Required work
Return each line of the data below exactly, omitting any pictures.

Source data
□ □ □
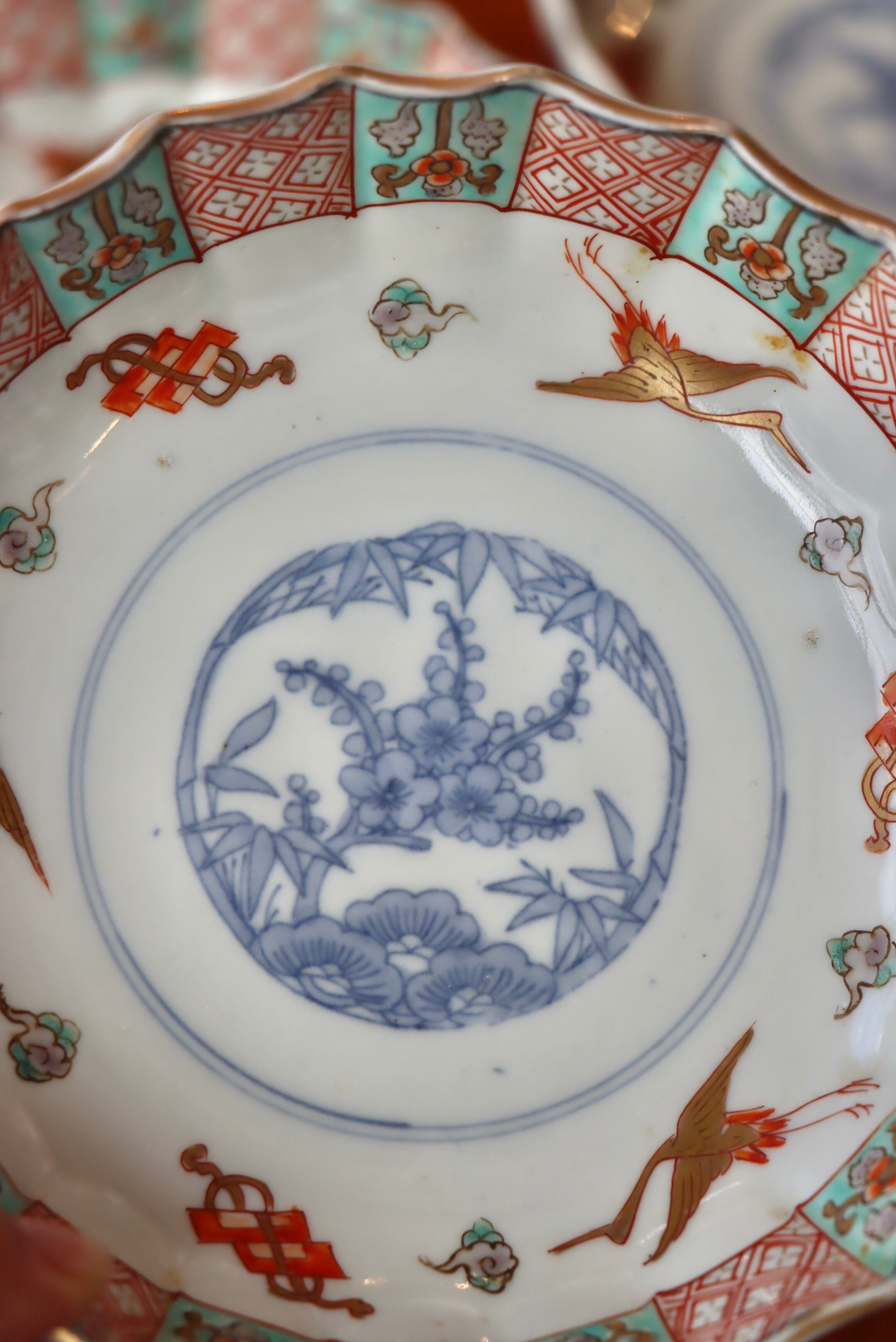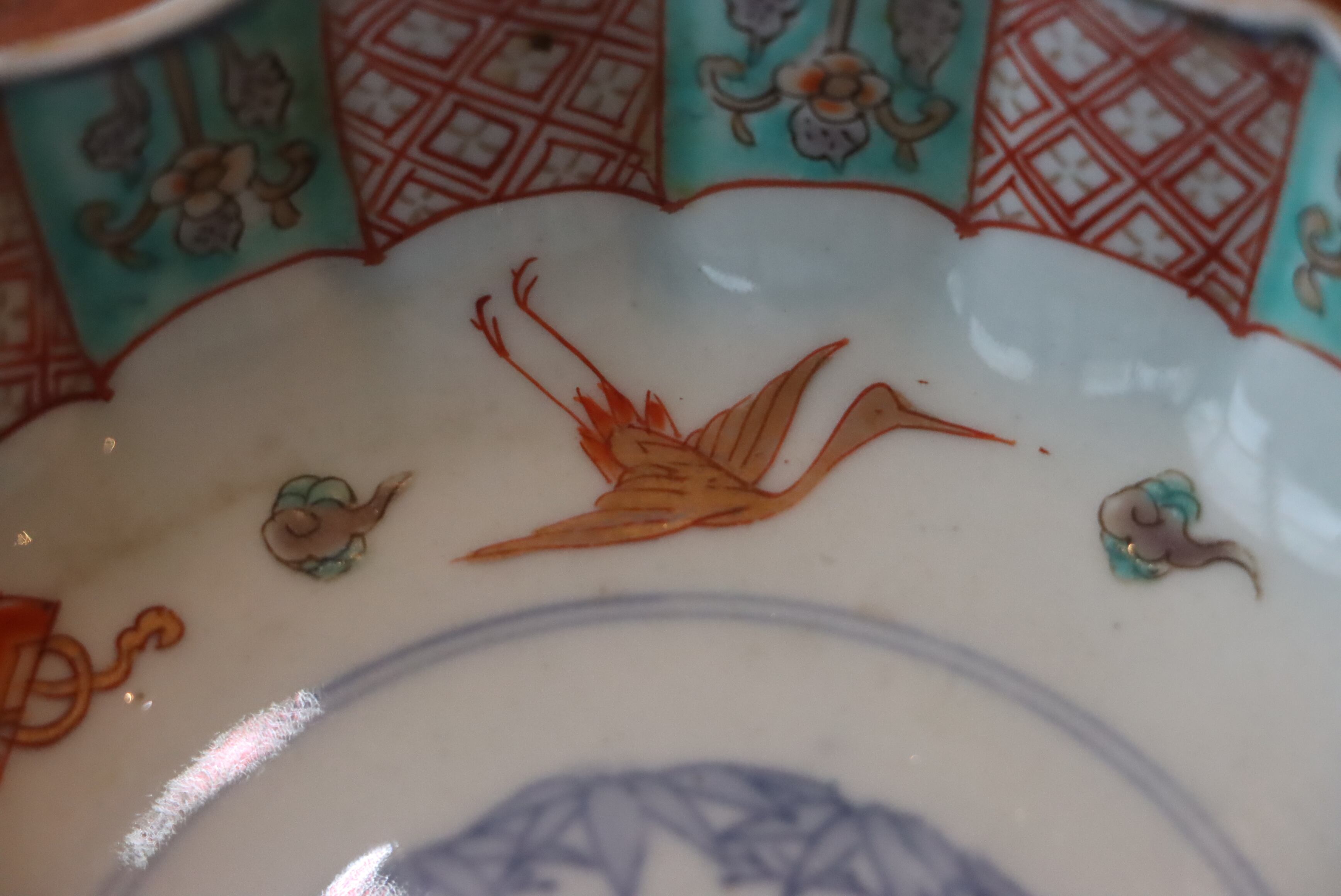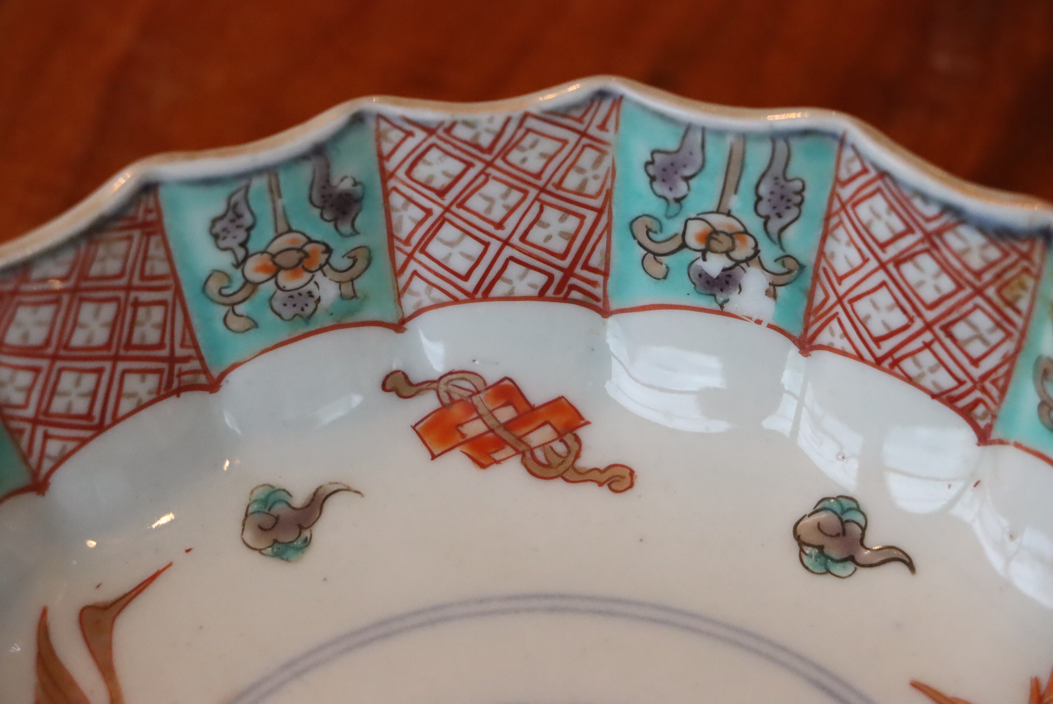 【Imari lobed bowl with cranes and clouds design in overglaze enamels.】
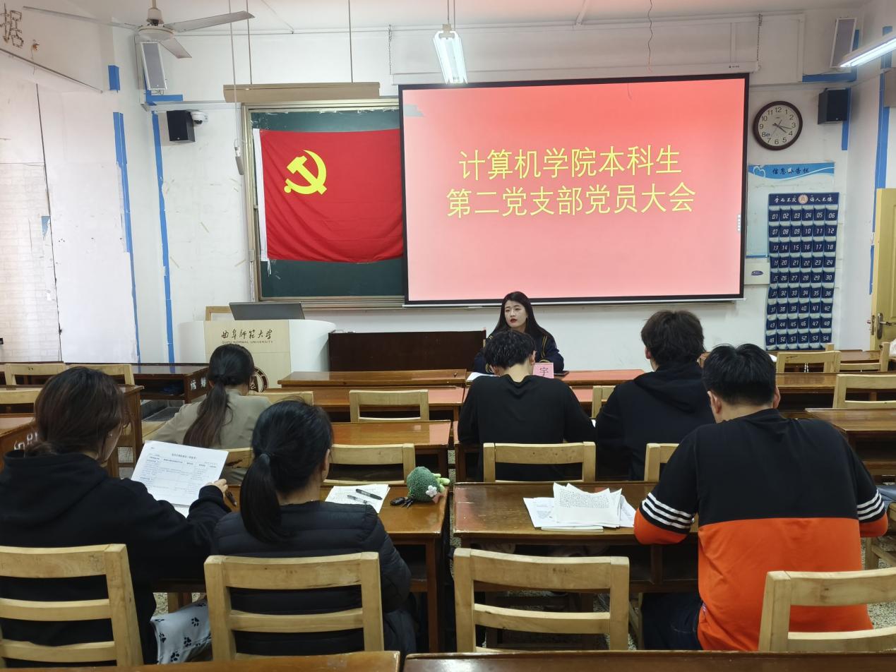 本科生第二党支部于JC406召开党员大会,全体党员参与。
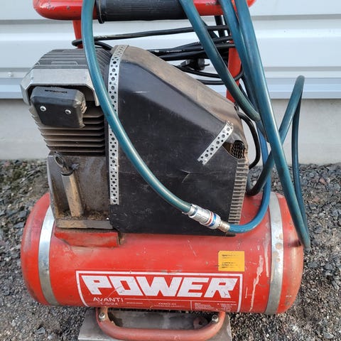 Meca ilmakompressori. Säiliömallinen kompressori, jossa hihnavetoinen kompressoriyksikkö ja sähkömoottori. Soveltuu paineilmatyökalujen käyttöön, renkaiden täyttöön ja muuhun paineilmatyöhön esimerkiksi autotallissa tai verstaalla. Tarkemmat tekniset tiedot, kuten säiliön tilavuus ja teho, eivät ole näkyvissä kuvasta.
□ □ □
Completed exercise
 【Imari lobed bowl with cranes and clouds design in overglaze enamels.】
 本科生第二党支部于JC406召开党员大会,全体党员参与。
 Meca ilmakompressori. Säiliömallinen kompressori, jossa hihnavetoinen kompressoriyksikkö ja sähkömoottori. Soveltuu paineilmatyökalujen käyttöön, renkaiden täyttöön ja muuhun paineilmatyöhön esimerkiksi autotallissa tai verstaalla. Tarkemmat tekniset tiedot, kuten säiliön tilavuus ja teho, eivät ole näkyvissä kuvasta.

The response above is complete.